• Task directions
Quote every line of the data below as it stands, omitting pictures.

• Data extract
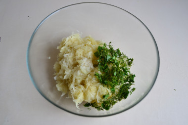 Пока тесто отдыхает, приготовьте начинку. Картофель и лук помойте и очистите. Укроп (или другую зелень) мелко порубите.
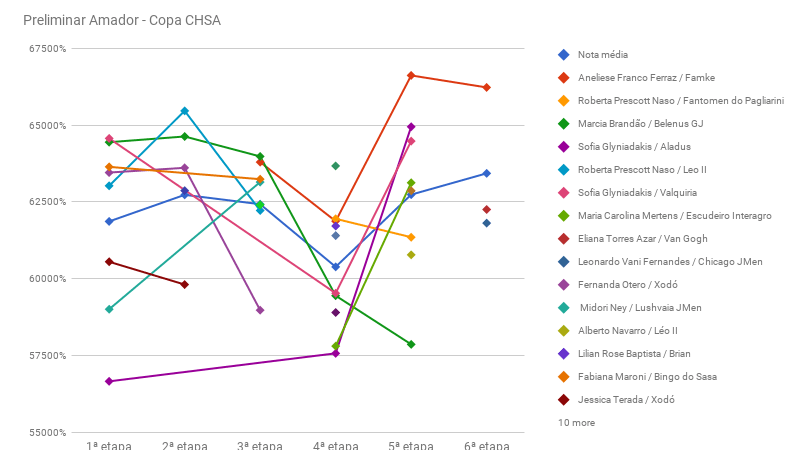 Faltando apenas uma etapa para terminar a temporada da Copa CHSA de Adestramento, é possível ter uma ideia de como os conjuntos evoluíram (ou não) durante a temporada 2017. O site Adestramento Brasil atualiza os gráficos que mostram a disputa das séries e a flutuação das notas finais dos participantes.
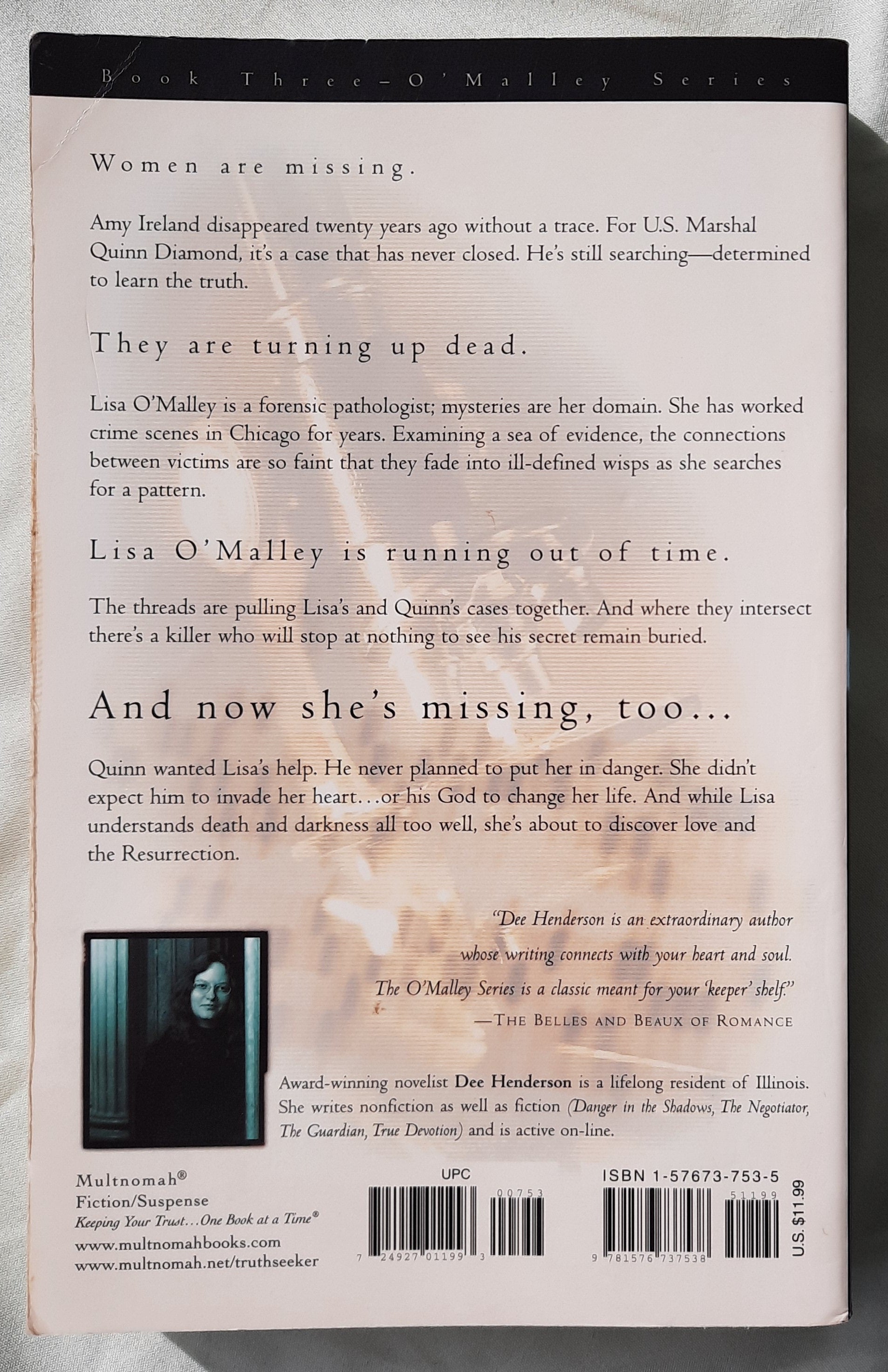 Women are turning up dead. And Lisa O'Malley digging into a crime means trouble is soon to follow. She's a forensic pathologist and mysteries are her domain. Book number three in the O'Malley series brings back Lisa O'Malley and U.S. Marshal Quinn Diamond from The Guardian in a tense investigative thriller. She's not a believer, and her journey toward faith is a fascinating look at how a forensic pathologist views the Resurrection. Quinn has found loving her is easier than keeping her safe. Lisa O'Malley's found the killer, and now she's missing too ...

• Answer box
 Пока тесто отдыхает, приготовьте начинку. Картофель и лук помойте и очистите. Укроп (или другую зелень) мелко порубите.
 Faltando apenas uma etapa para terminar a temporada da Copa CHSA de Adestramento, é possível ter uma ideia de como os conjuntos evoluíram (ou não) durante a temporada 2017. O site Adestramento Brasil atualiza os gráficos que mostram a disputa das séries e a flutuação das notas finais dos participantes.
 Women are turning up dead. And Lisa O'Malley digging into a crime means trouble is soon to follow. She's a forensic pathologist and mysteries are her domain. Book number three in the O'Malley series brings back Lisa O'Malley and U.S. Marshal Quinn Diamond from The Guardian in a tense investigative thriller. She's not a believer, and her journey toward faith is a fascinating look at how a forensic pathologist views the Resurrection. Quinn has found loving her is easier than keeping her safe. Lisa O'Malley's found the killer, and now she's missing too ...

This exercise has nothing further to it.